LSTM h_0 & c_0 storage when using One by one forward step

Hello everyone,
I would like to create a real-time anomaly checker for a sensor. To do this, I initialise a self.h_0 & self.c_0 in __init__ and with each forward step I save the state in it (very similar to that: But now I have the problem that at the beginning of each new time series the old values of the previous series are stored in self.h_0 & self.c_0. For this reason, I always get different results when I run through the same data several times. Is there a good solution for this Problem?

I can use an if init_hidden: in def forward(self, input, init_hidden=False): that I call at the beginning of a new time series. However, I have the problem that I can then no longer torch.jit.trace() the network.

torch.jit.trace does not support data-dependent control flow or any other conditions, while torch.jit.script did. However, note that TorchScript in general is in maintenance mode and the current recommendation is to use torch.compile instead.

I have now solved it by outputting h_0 and c_0 and reading them back in as input. But I only have to do this if I feed it with live data. For training, I can read in the normal way, as a time series blog with many points in time. I don’t think this is the best solution, but it gives me the most freedom over h_0 & c_0.

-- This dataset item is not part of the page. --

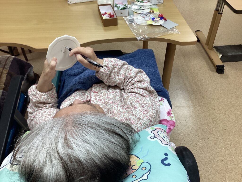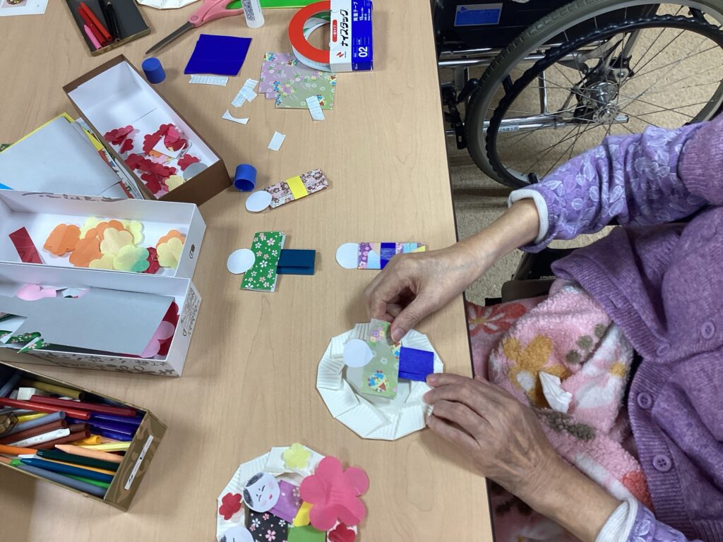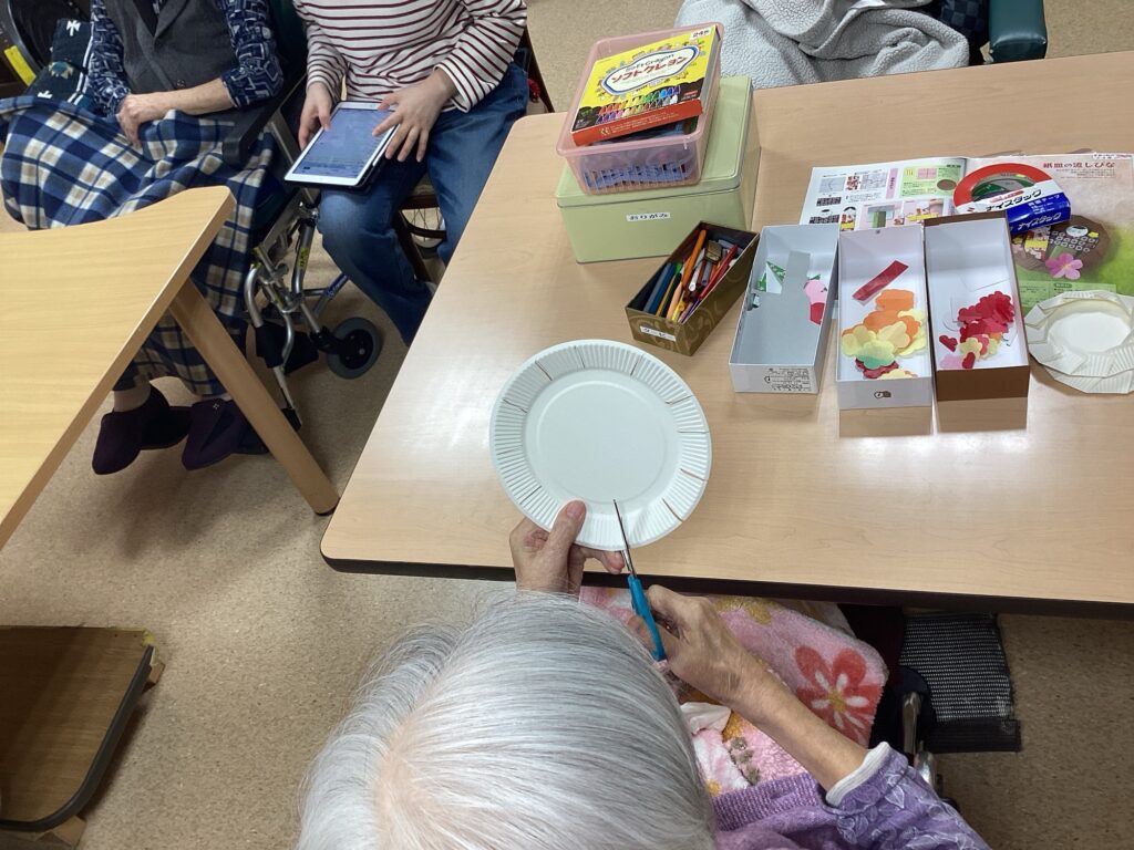紙皿に切り込みを入れる、レイアウトを考えて貼り付けるなど、できることをしていただきました
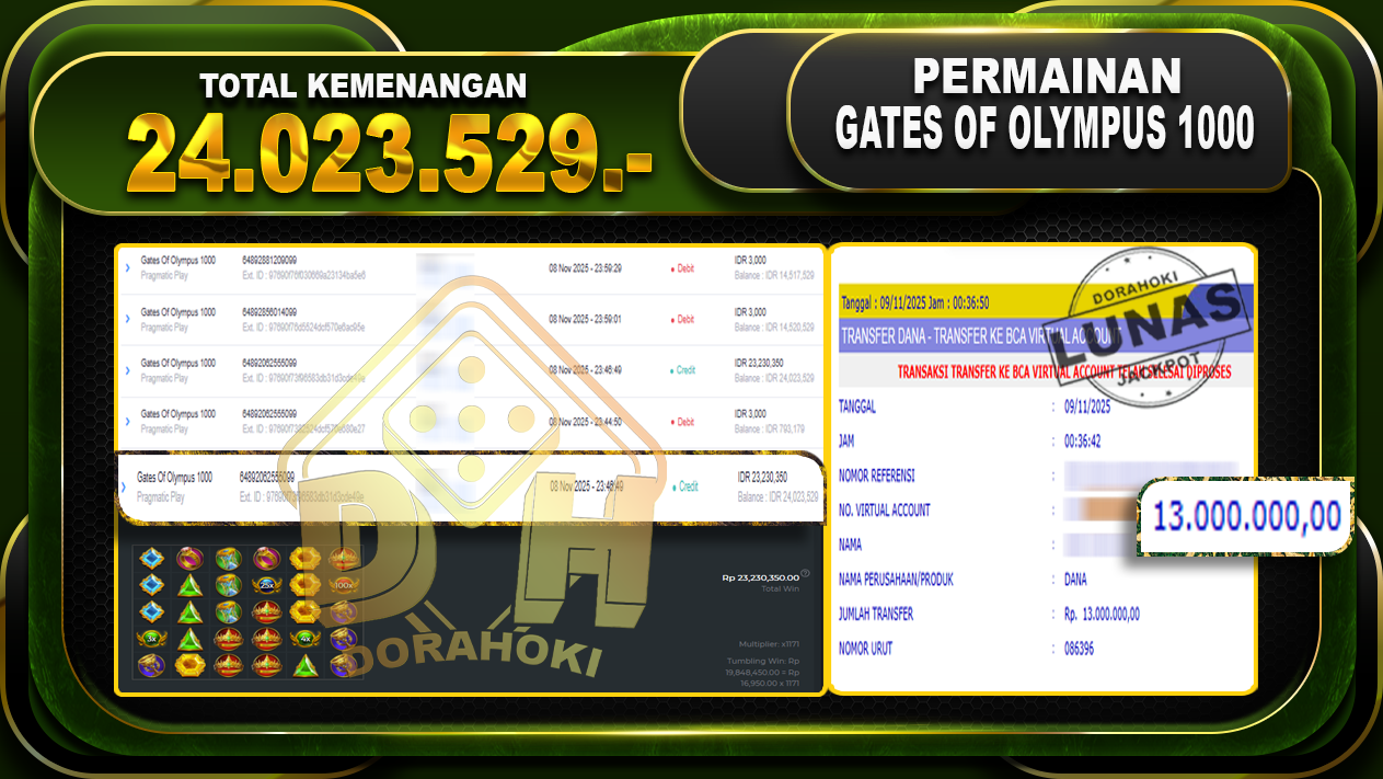 Bukti JP Gates Of Olympus 1000 – ucapkan selamat kepada user id d00xxx atas kemenangan di Gates Of Olympus 1000 dengan total kemenangan Rp.24.023.529,- Yang pasti nya langsung LUNAS sesuai bukti ya bosku. Dorahoki nih bosku berapapun akan tetap kami bayar lunas ya bosku

I want to use the net later for IOS Devises. So I have to rely on torch.jit.trace or torch.jit.script or is it also possible with torch.compile?

I don’t know if torch.compile is supported on iOS devices but would guess ExecuTorch would be the right approach to deploy on these devices. CC @marksaroufim as he would know more about the support.

Oh nice, I have now used CoreMLTools to get it onto the device. But I think it’s worth having a look at ExecuTorch.
Looks really interesting, I can see the cross-platform benefit. But is there an advantage in performance, especially compared to Apple’s own CoreML?
Do benchmarks already exist?